Back when Gary Goodman first got into the used books business, he admits, he knew nothing about running a bookstore.
At the time, he was seeking respite from his work as a counselor in a psychiatric unit.
Now, 27 years after opening St. Croix Antiquarian Booksellers on Main Street in Stillwater, Goodman is once again seeking a change: retirement. The longtime used and rare bookstore is closing at the end of July.
“It helped me put six kids through college,” he said on a recent morning, as customers browsed the aisles looking for bargains. “But it’s a tough business, especially in this day and age.”
For the past few months, the store — one of the last in the Twin Cities metro to specialize in rare books — has been shedding inventory and winding down.
Internet giants such as Amazon, and a general shift to buying and downloading books to tablets and other electronic devices, has made what had always been a competitive business even tougher to sustain, Goodman said.
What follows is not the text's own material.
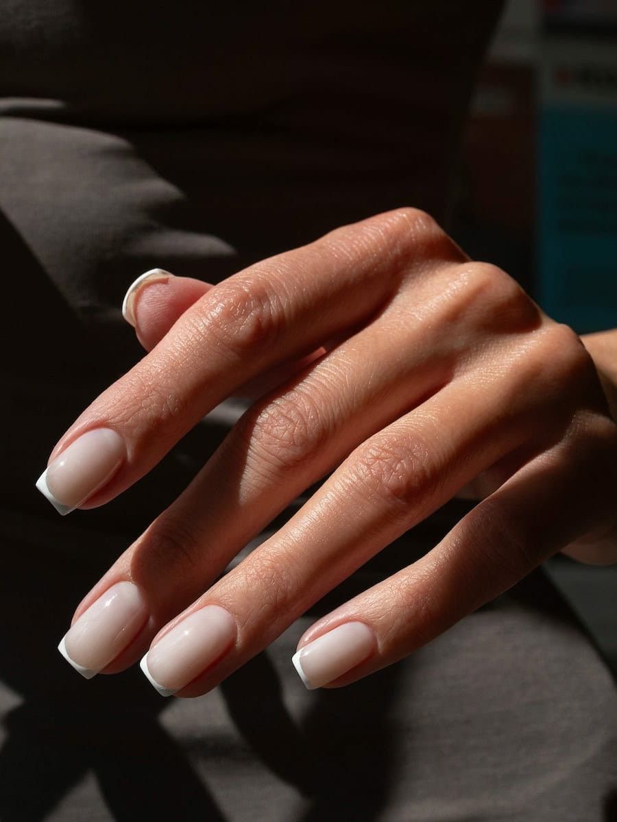 The classic French manicure—pale base, crisp white tips—but on a square short-medium nail. It’s refined, timeless, and always in rotation in designs 2024, staying strong in ideas 2025 too. Works beautifully for every figure and hand shape, but it’s less adventurous if you’re chasing super bold art or trending colors.

Paying a property tax bill of about $15,000 a year on the building and his store’s 4,300 square feet makes it even tougher.
Still, he said, “It’s been a great store.”
You can consider Goodman an accidental bookseller.
He was a 30-year-old counselor on the night shift of a psychiatric residence when, he said, a nurse discovered that patients were plotting to kill the night staff. “At that point, I thought, ‘There’s no future in a job where people are trying to kill you,’ ” Goodman said.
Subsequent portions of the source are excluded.